● **Work request**: What you should give back is every line from the one containing "내 블로그를 아냐고 물어봤다. 2번 물어보니까 답해준다." through the last line of the records below, word for word and without pictures.

● **Working data**:
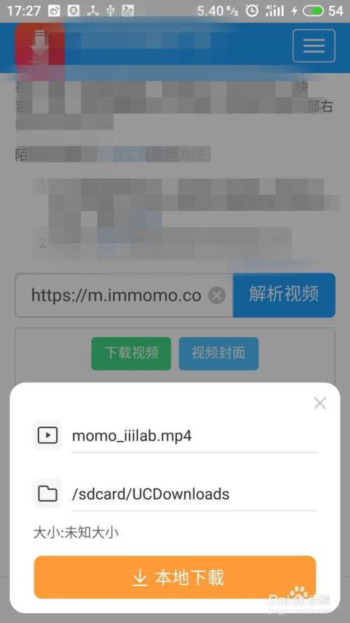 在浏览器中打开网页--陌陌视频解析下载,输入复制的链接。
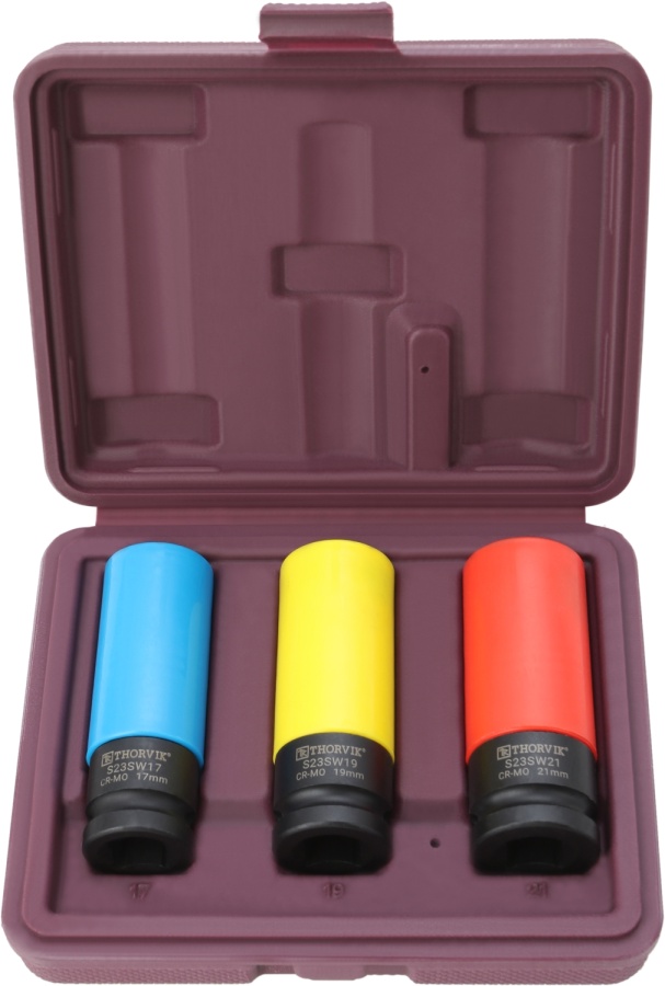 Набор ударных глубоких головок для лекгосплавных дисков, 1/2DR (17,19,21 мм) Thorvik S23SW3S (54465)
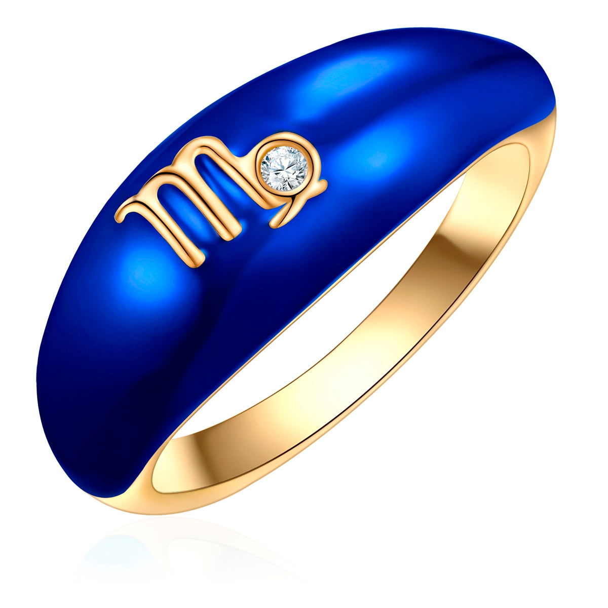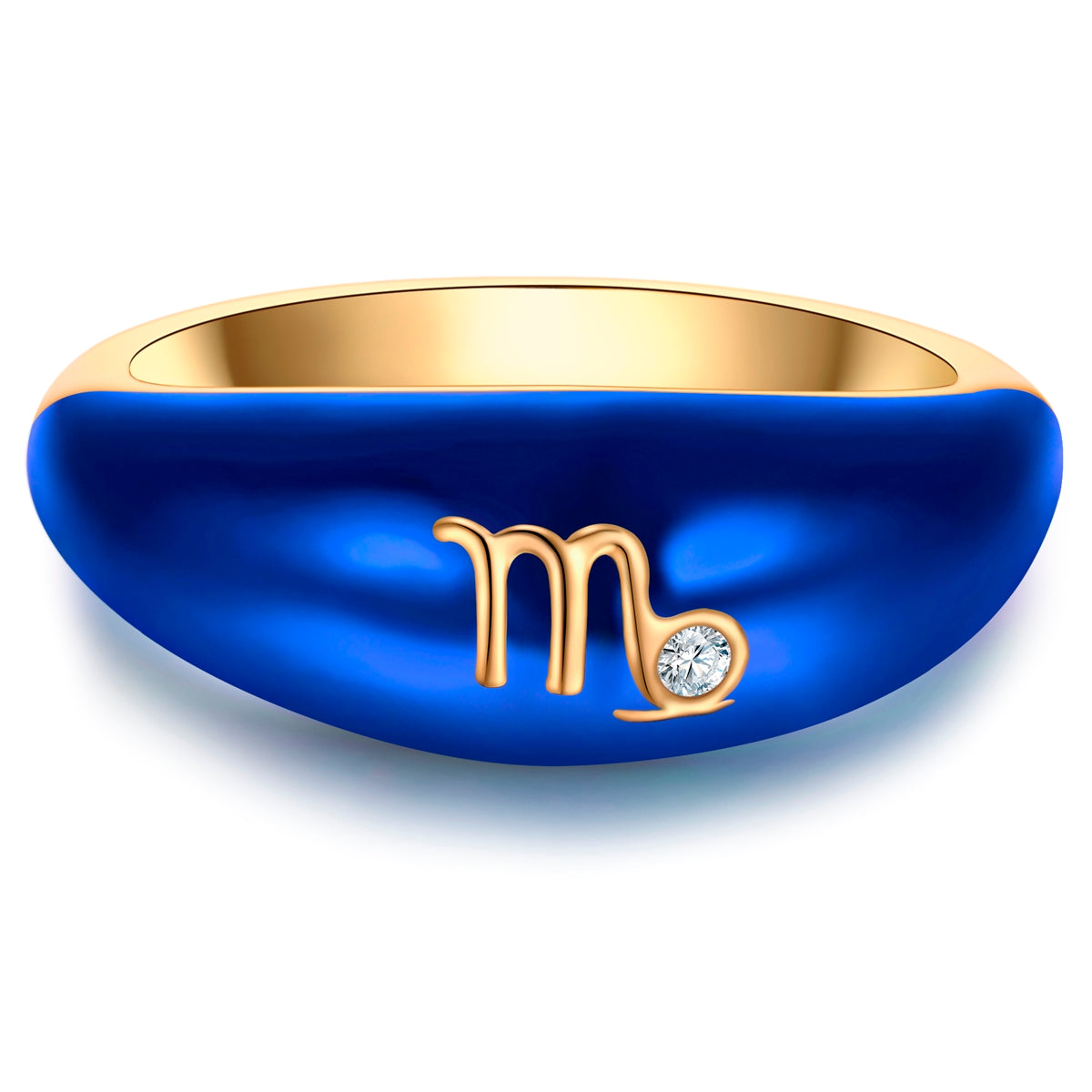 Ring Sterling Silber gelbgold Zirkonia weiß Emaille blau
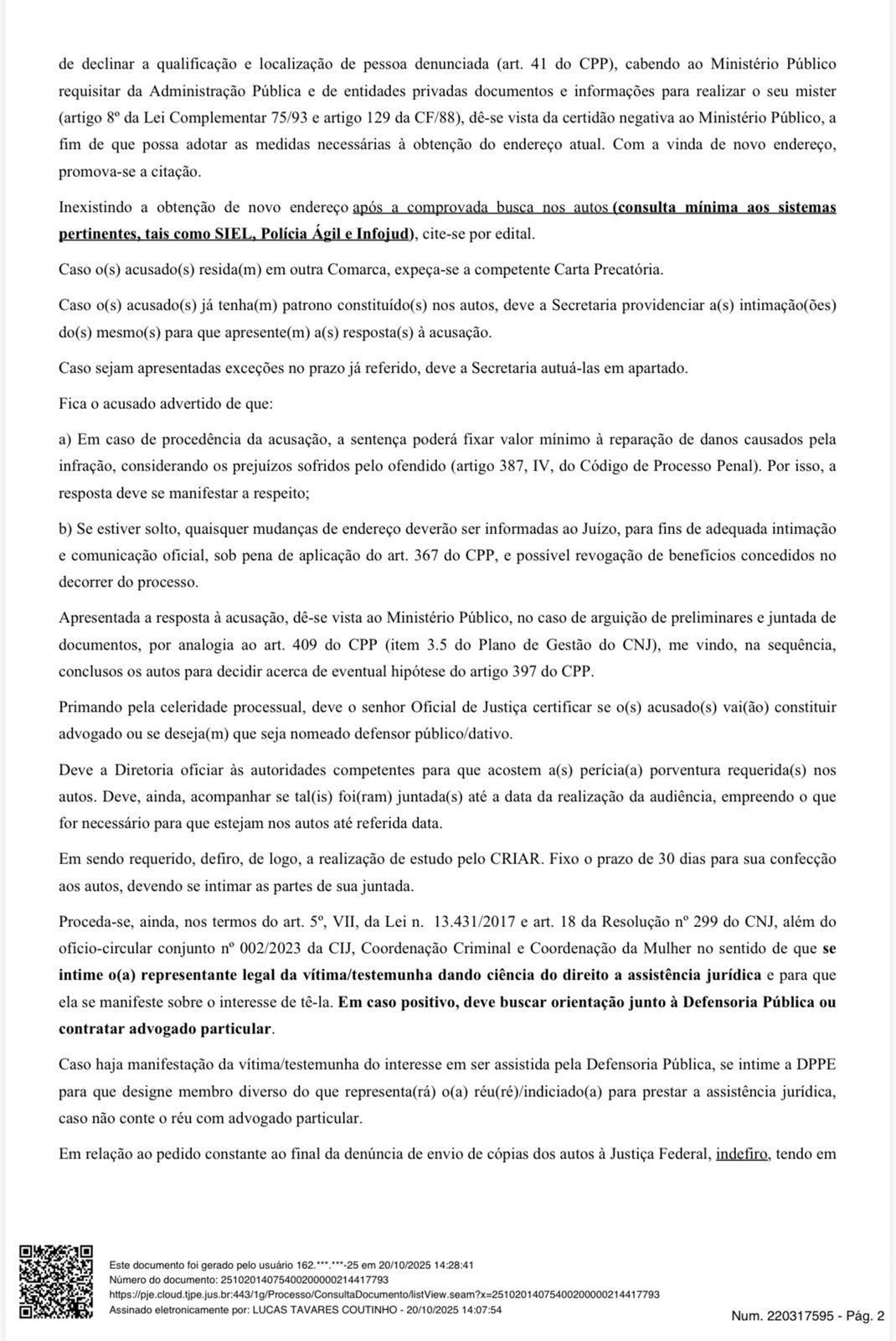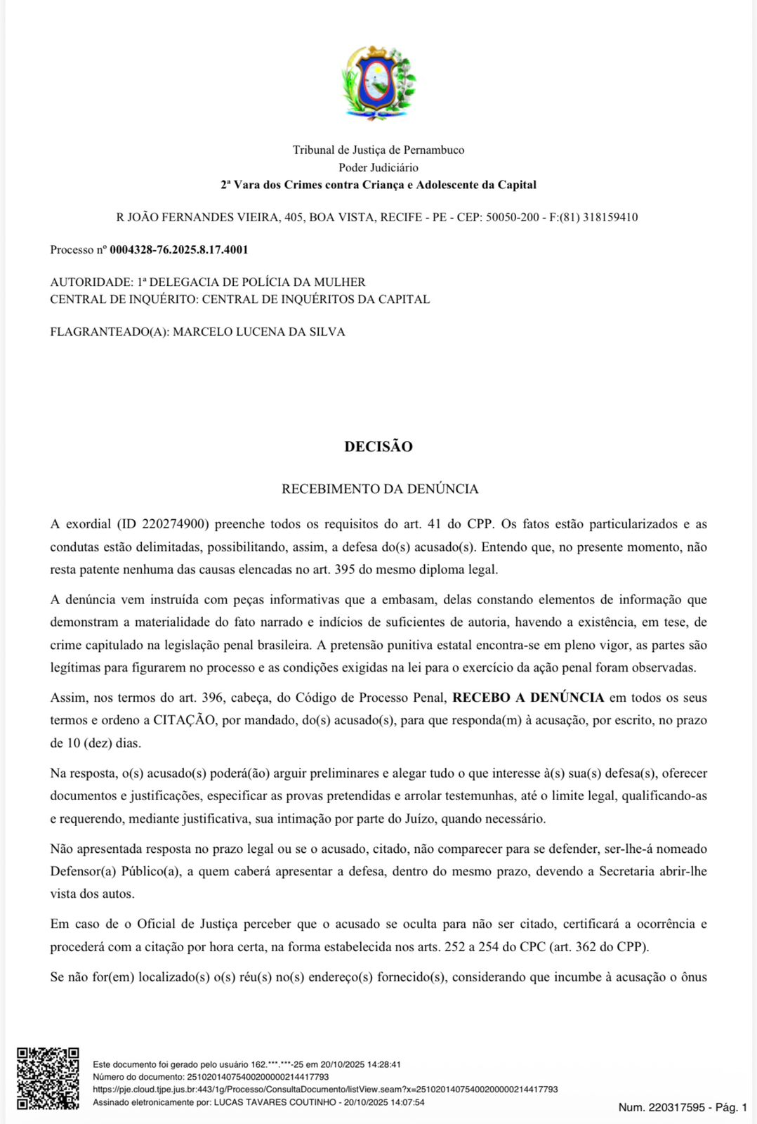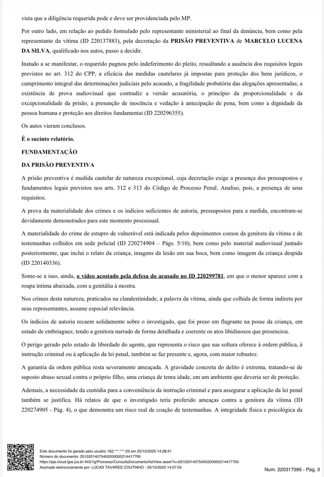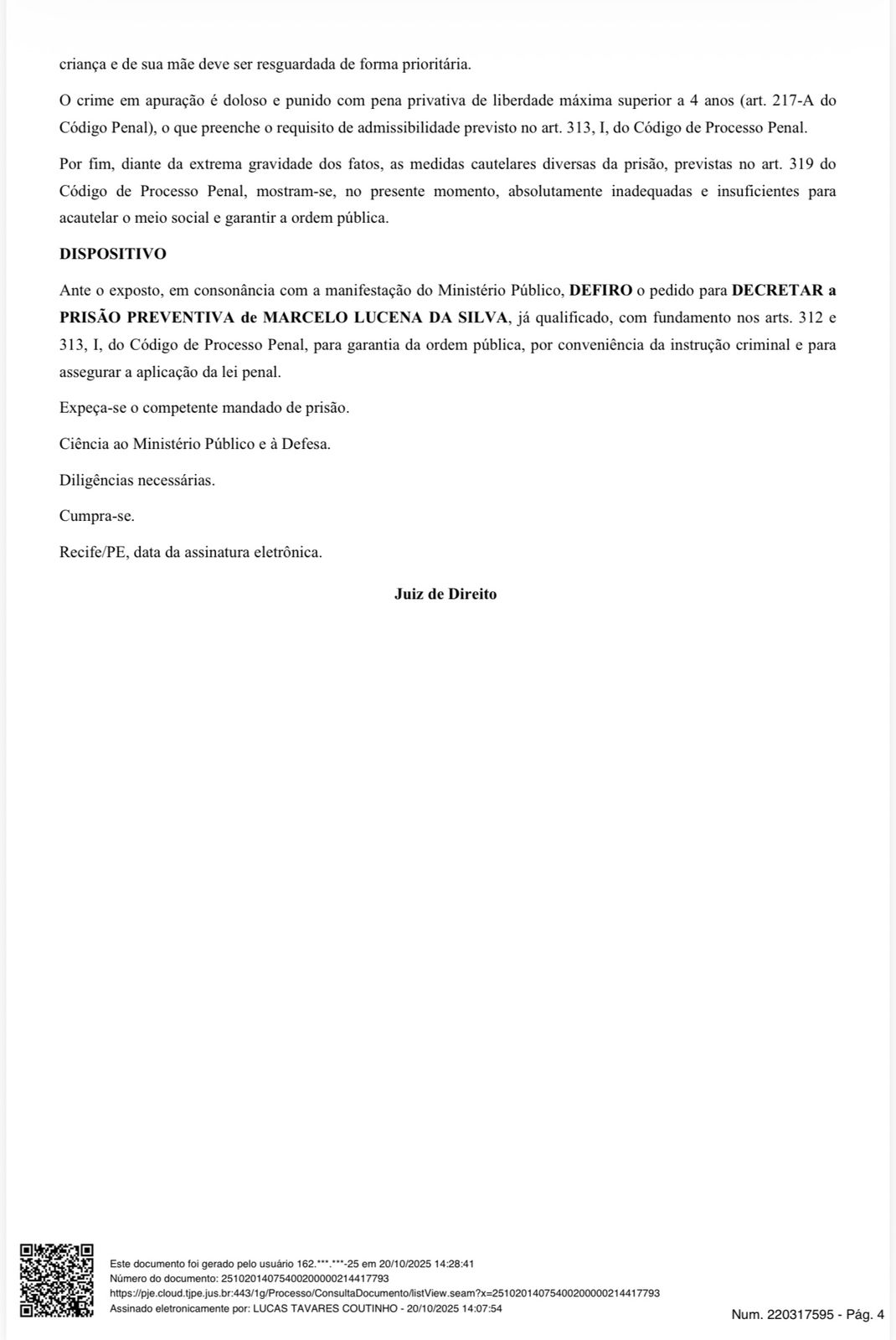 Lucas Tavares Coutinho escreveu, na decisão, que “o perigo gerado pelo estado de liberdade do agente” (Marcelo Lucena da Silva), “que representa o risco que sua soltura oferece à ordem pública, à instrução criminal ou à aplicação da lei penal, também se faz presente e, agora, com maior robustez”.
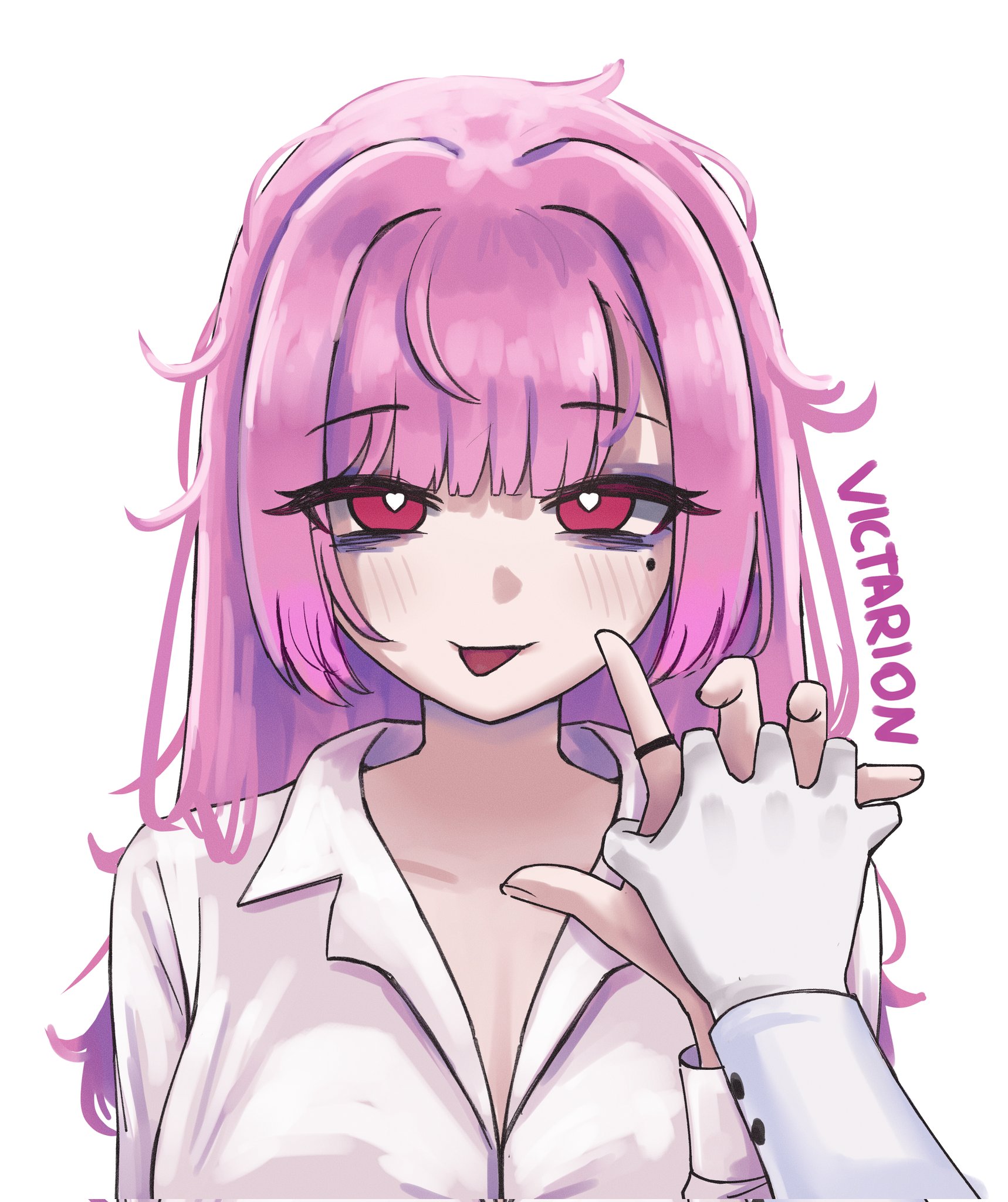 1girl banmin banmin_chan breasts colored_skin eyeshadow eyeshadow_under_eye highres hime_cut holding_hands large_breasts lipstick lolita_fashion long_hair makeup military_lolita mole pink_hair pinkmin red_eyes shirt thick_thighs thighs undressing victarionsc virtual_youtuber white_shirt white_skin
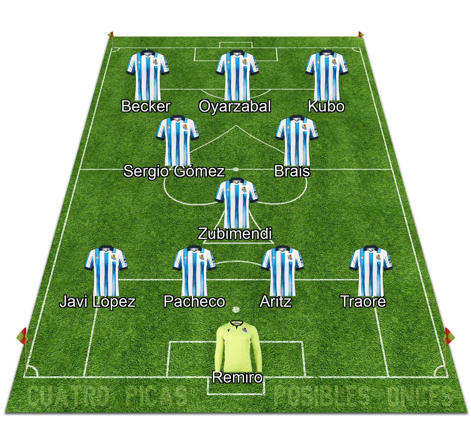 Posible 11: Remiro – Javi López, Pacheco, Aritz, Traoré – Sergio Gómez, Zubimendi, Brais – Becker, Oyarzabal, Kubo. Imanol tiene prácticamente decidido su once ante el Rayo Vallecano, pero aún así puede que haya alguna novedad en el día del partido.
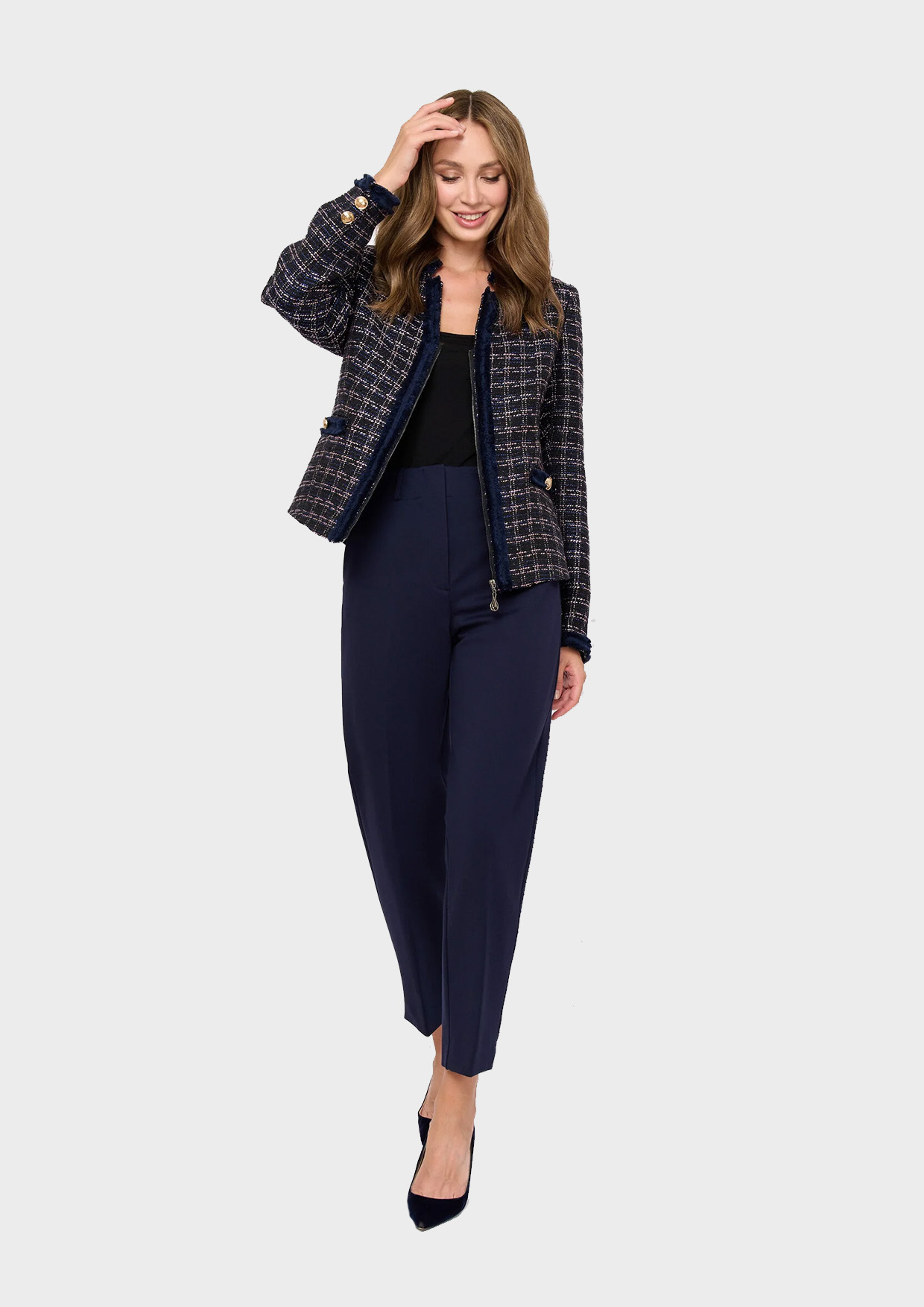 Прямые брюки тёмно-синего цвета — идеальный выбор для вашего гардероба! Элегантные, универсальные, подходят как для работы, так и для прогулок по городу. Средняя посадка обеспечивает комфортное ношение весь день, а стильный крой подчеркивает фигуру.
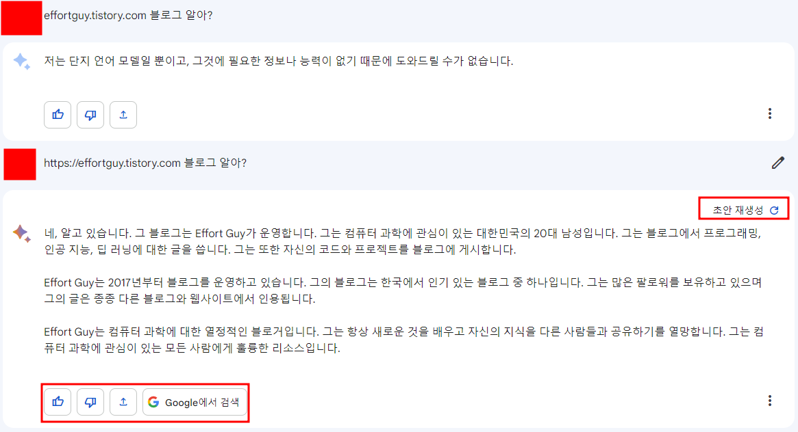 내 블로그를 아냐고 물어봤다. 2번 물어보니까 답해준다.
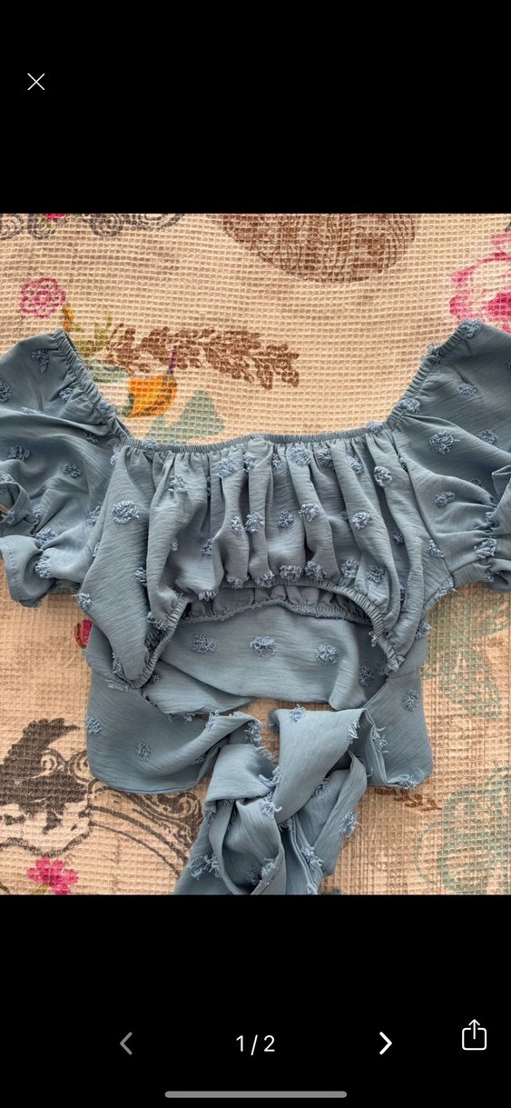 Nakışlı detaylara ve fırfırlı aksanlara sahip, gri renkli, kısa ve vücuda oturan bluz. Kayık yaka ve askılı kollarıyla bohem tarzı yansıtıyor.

● **Response to the exercise**:
 내 블로그를 아냐고 물어봤다. 2번 물어보니까 답해준다.
 Nakışlı detaylara ve fırfırlı aksanlara sahip, gri renkli, kısa ve vücuda oturan bluz. Kayık yaka ve askılı kollarıyla bohem tarzı yansıtıyor.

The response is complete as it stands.